Symptoms of bowel perforation are:

  • Twitching in lower abdomen.
  • Cramps.
  • Bloating.
  • Bowel habit changes.
  • Fatigue.
  • Vomiting and nausea.

 

WHEN TO SEE A DOCTOR

If twitching in lower abdomen remains for less time and is mild, it is nothing to be worried of. But if this twitching lasts for longer periods, and does not go away with anything you do, it is most likely because of some underlying problem, for which you need to get medical intervention.

Serious symptoms that should make you seek medical help are:

  • Bowel habit changes.
  • Blood in stools.
  • Fever.
  • Vaginal bleeding.
  • Tearing pain in chest.
  • Shortness of breath.
  • Weight loss.
  • Anemia.

 

TAKEAWAY

As is with any other muscle twitching, twitching in lower abdomen is usually caused by non-serious causes that includes anxiety, stress, dehydration, unhealthy diet, ovulation, or even certain deficiencies (of minerals and vitamins).
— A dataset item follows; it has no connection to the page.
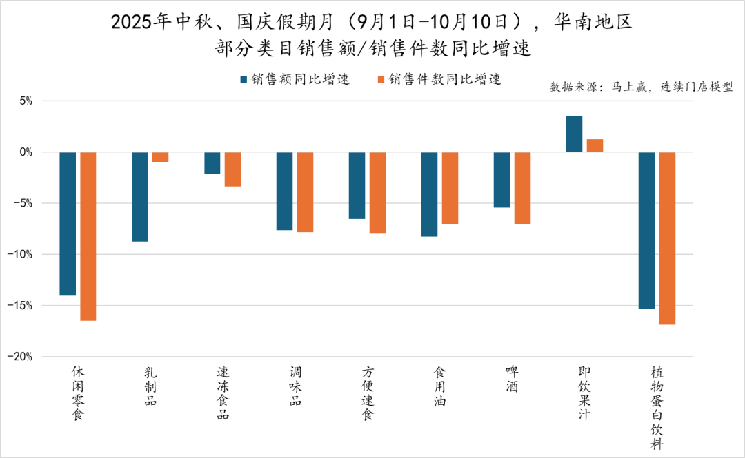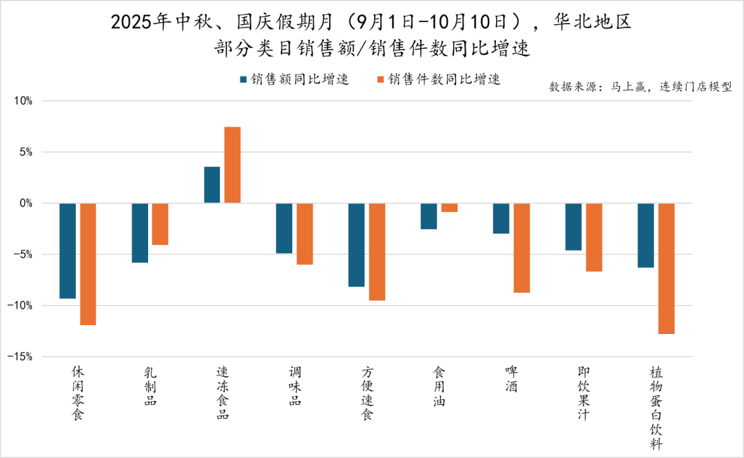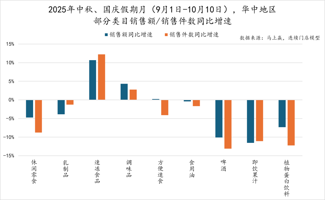 在华中地区,速冻食品的销售额与销售件数同比增长同样领先其他类目,调味品也保持销售额、销售件数同比正向增长。方便速食则是在销售额同比增长的情况下,件数同比下滑约5%。相比来说,华中地区下滑较为显著的是啤酒、即饮果汁、植物蛋白饮料类目,休闲零食也有着接近5%的销售额同比下滑和10%的销售件数同比下滑。

But this, in no way, means that twitching in lower abdomen only occurs because of these causes. There are some serious causes as well including aortic dissection, bowel perforation, inflammatory bowel disease, diverticulitis, or intestinal obstruction. To prevent yourself from complications of these diseases, you have to see a doctor so that they diagnose and treat you accordingly.

There are certain complications of some disease that may prove to be dangerous for you including peritonitis (infection of abdomen by leakage of intestinal content when intestinal wall is perforated), shock, or some area of your intestines dying.